• **Activity**:
Below is a listing from which only part is wanted; return exactly the lines from the one with "In meiner begleiteten" up to and including the one with "Generic Women’s Casual".

• **Information**:

○ ○ ○

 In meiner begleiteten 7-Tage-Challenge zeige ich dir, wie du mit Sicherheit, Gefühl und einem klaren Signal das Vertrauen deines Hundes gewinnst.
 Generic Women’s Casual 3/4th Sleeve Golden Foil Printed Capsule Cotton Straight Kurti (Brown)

○ ○ ○

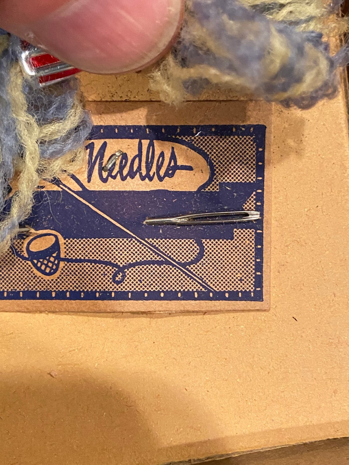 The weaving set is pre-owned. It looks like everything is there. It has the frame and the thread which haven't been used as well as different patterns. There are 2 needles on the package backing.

○ ○ ○

• **Reply to the task**:
 In meiner begleiteten 7-Tage-Challenge zeige ich dir, wie du mit Sicherheit, Gefühl und einem klaren Signal das Vertrauen deines Hundes gewinnst.
 Generic Women’s Casual 3/4th Sleeve Golden Foil Printed Capsule Cotton Straight Kurti (Brown)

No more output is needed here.